Exercise requirements —
Print each entry precisely; exclude the pictures.

****************************************

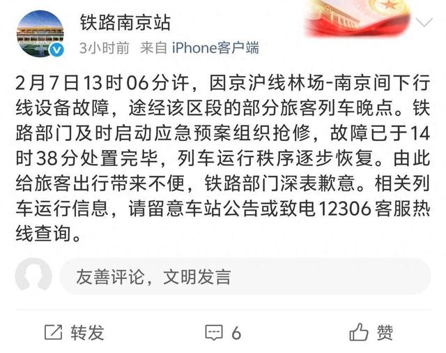 2月7日13时06分许,因京沪线林场-南京间下行线设备故障,途经该区段的部分旅客列车晚点。铁路部门及时启动应急预案组织抢修,故障已于14时38分处置完毕,列车运行秩序逐步恢复。由此给旅客出行带来不便,铁路部门深表歉意。相关列车运行信息,请留意车站公告或致电12306客服热线查询。
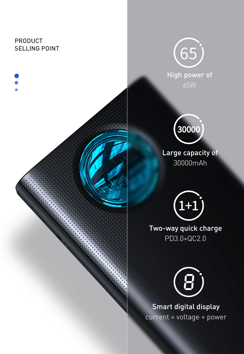 Amblight Digital Display Quick Charge Power Bank 30000mah 65W
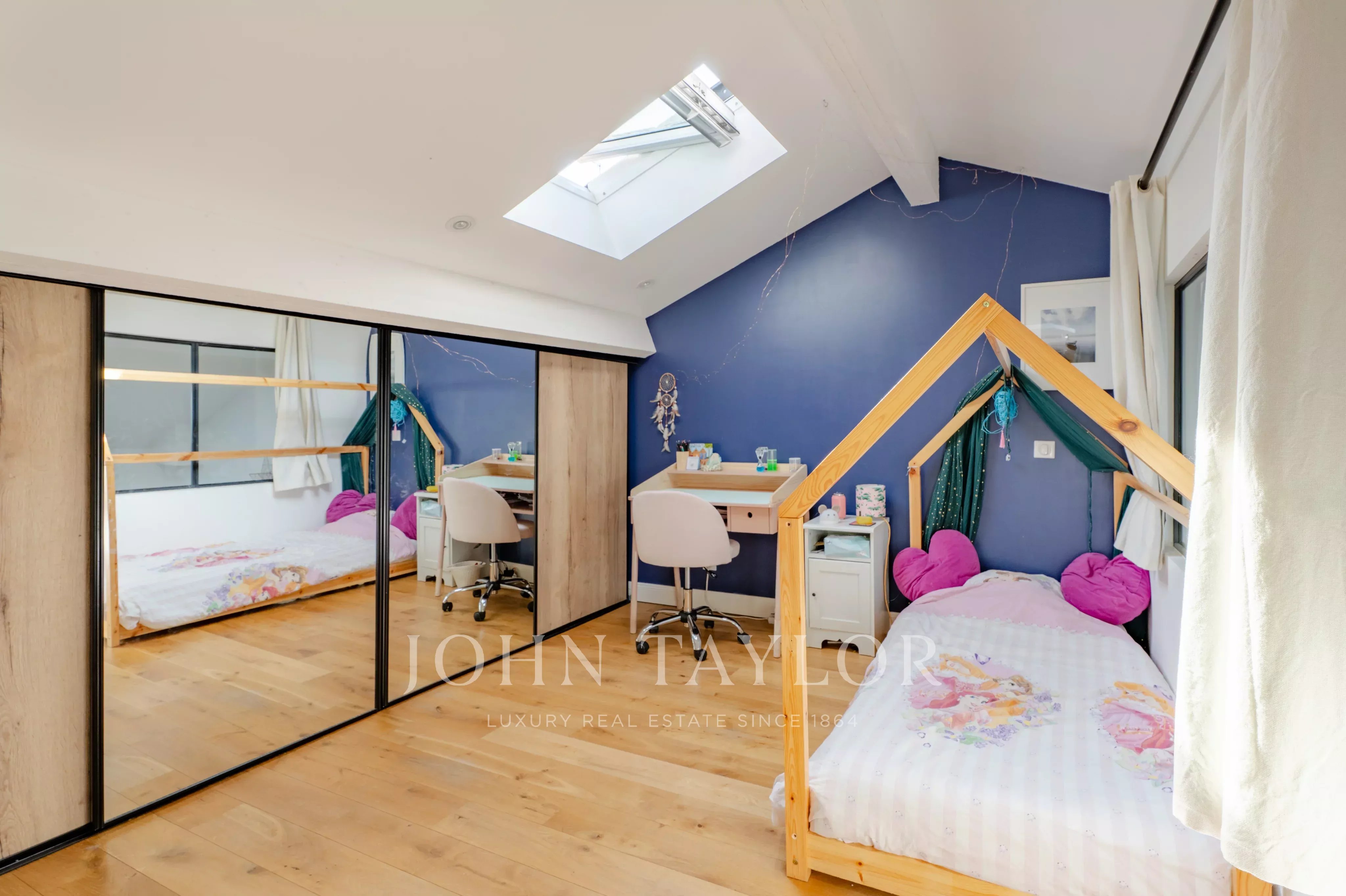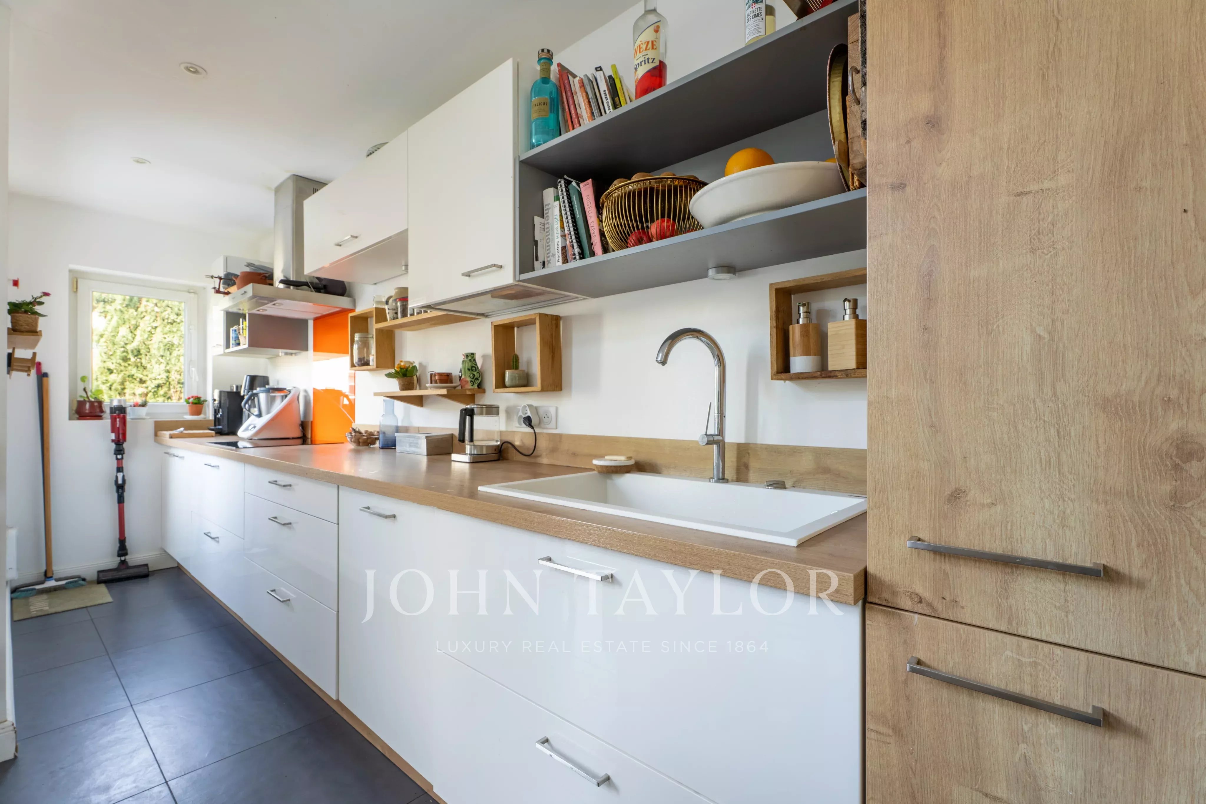 Le premier niveau accueille une superbe pièce de vie d’environ 55 m², baignée de lumière, avec salon, salle à manger et une cuisine ouverte, entièrement aménagée et équipée, agrémentée d’un îlot central.
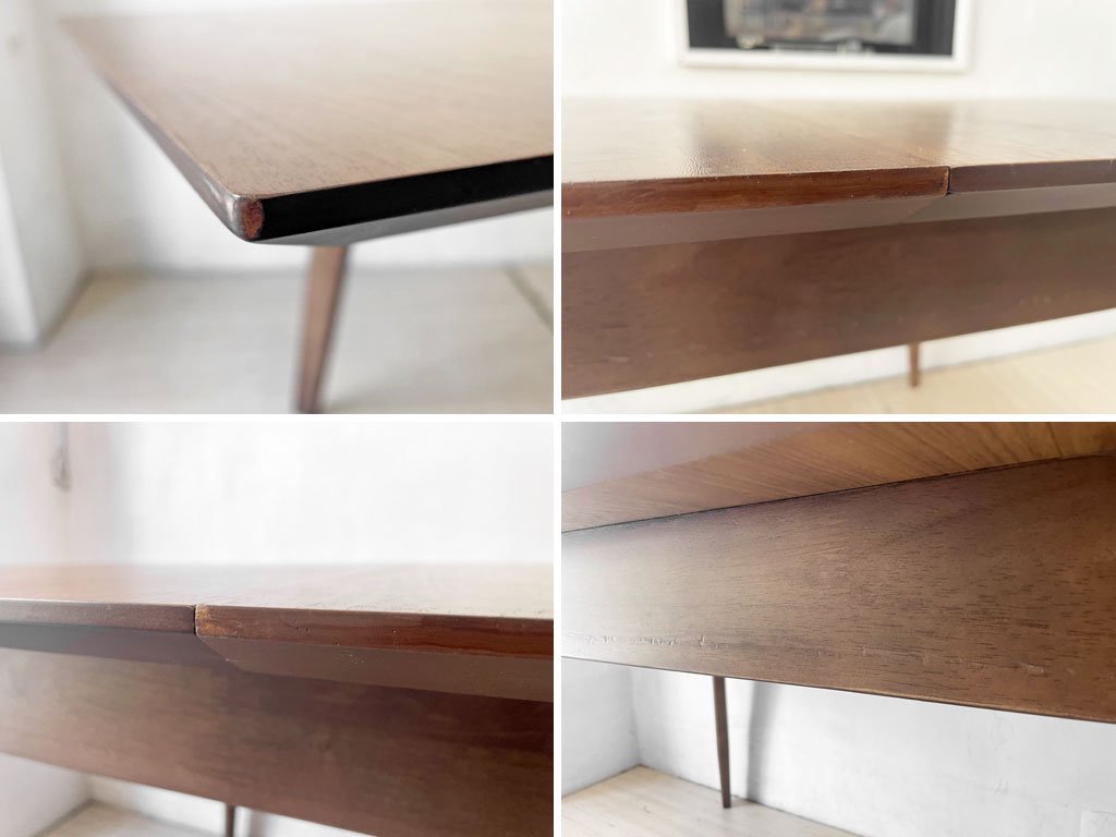 使用に伴い、傷や擦れ、ペイントロスや補修ペンによるレタッチ痕などが見受けられます。また、幕板の側面に細かな打痕が複数ございます。エクステンション天板の裏面に傷がございますが、通常の使用の際には見えない箇所となるため気にならない程度かと思われます。その他、使用に問題となるダメージは無く、USED品として概ね良好なコンディションを保っております。
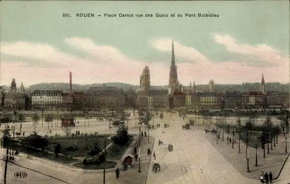 Ak Rouen Seine Maritime, Historische Ansicht von Place Carnot, Quais, Pont Boieldieu

****************************************

Answer space —
 2月7日13时06分许,因京沪线林场-南京间下行线设备故障,途经该区段的部分旅客列车晚点。铁路部门及时启动应急预案组织抢修,故障已于14时38分处置完毕,列车运行秩序逐步恢复。由此给旅客出行带来不便,铁路部门深表歉意。相关列车运行信息,请留意车站公告或致电12306客服热线查询。
 Amblight Digital Display Quick Charge Power Bank 30000mah 65W
 Le premier niveau accueille une superbe pièce de vie d’environ 55 m², baignée de lumière, avec salon, salle à manger et une cuisine ouverte, entièrement aménagée et équipée, agrémentée d’un îlot central.
 使用に伴い、傷や擦れ、ペイントロスや補修ペンによるレタッチ痕などが見受けられます。また、幕板の側面に細かな打痕が複数ございます。エクステンション天板の裏面に傷がございますが、通常の使用の際には見えない箇所となるため気にならない程度かと思われます。その他、使用に問題となるダメージは無く、USED品として概ね良好なコンディションを保っております。
 Ak Rouen Seine Maritime, Historische Ansicht von Place Carnot, Quais, Pont Boieldieu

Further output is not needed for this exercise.